As you work through the listing below, copy each line exactly and drop the images.

> [INFORMATION SHOWN]
....

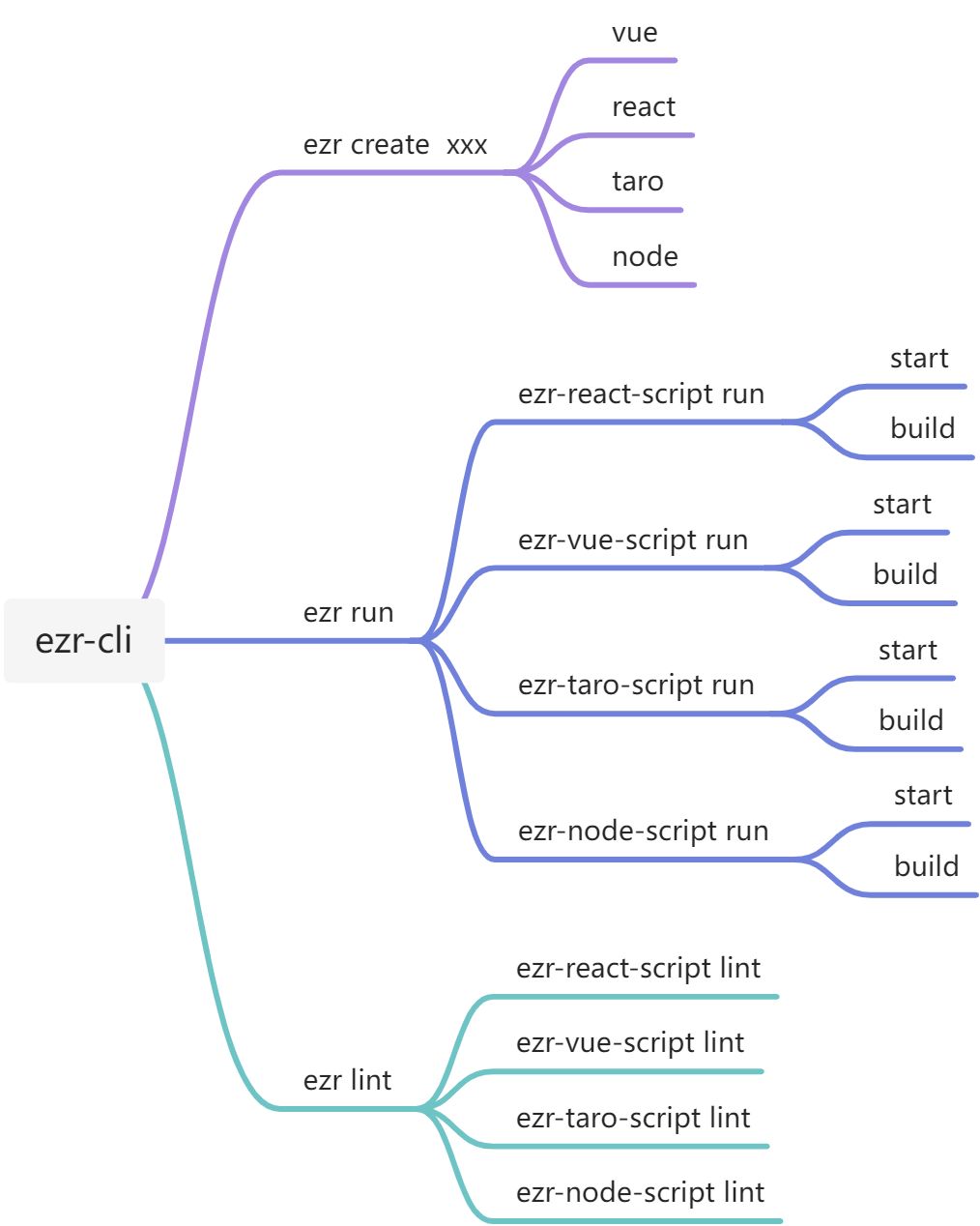 2 不同的项目引用相对应的子脚手架ezr-react-script,ezr-vue-script,ezr-taro-script,ezr-node-script
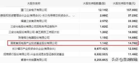 三安光电是LED龙头,是国内最大全色系超高亮度LED芯片生产企业,市值为629亿元。前十大股东中,国家大基金持有1.14亿股,持股比例高达2.28%,持股市值为14.78亿元。
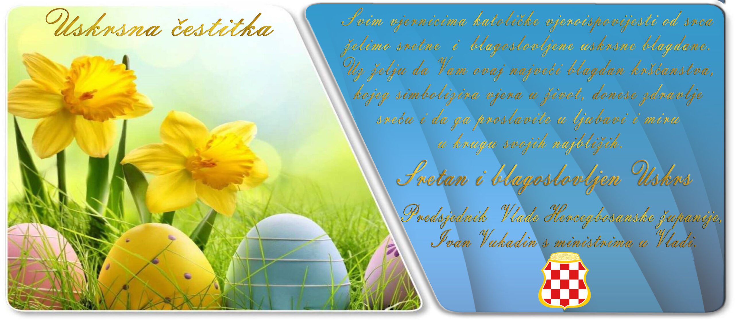 USKRSNA ČESTITKA Srijeda, 5.4.2023, 14:12|Novosti, Vlada| Podijeli na FacebookTwitterLinkedInWhatsAppTumblr
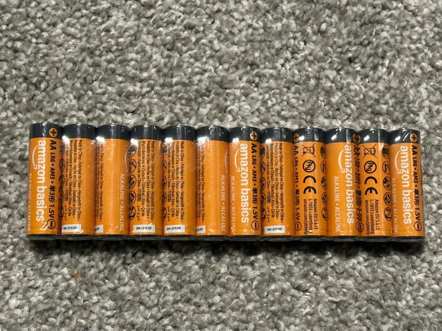 Get reliable power with this 12-pack of Amazon Basics AA alkaline batteries. They are designed for everyday use in your devices. Expiry date is 2035.

....

> [ANSWER BELOW]
 2 不同的项目引用相对应的子脚手架ezr-react-script,ezr-vue-script,ezr-taro-script,ezr-node-script
 三安光电是LED龙头,是国内最大全色系超高亮度LED芯片生产企业,市值为629亿元。前十大股东中,国家大基金持有1.14亿股,持股比例高达2.28%,持股市值为14.78亿元。
 USKRSNA ČESTITKA Srijeda, 5.4.2023, 14:12|Novosti, Vlada| Podijeli na FacebookTwitterLinkedInWhatsAppTumblr
 Get reliable power with this 12-pack of Amazon Basics AA alkaline batteries. They are designed for everyday use in your devices. Expiry date is 2035.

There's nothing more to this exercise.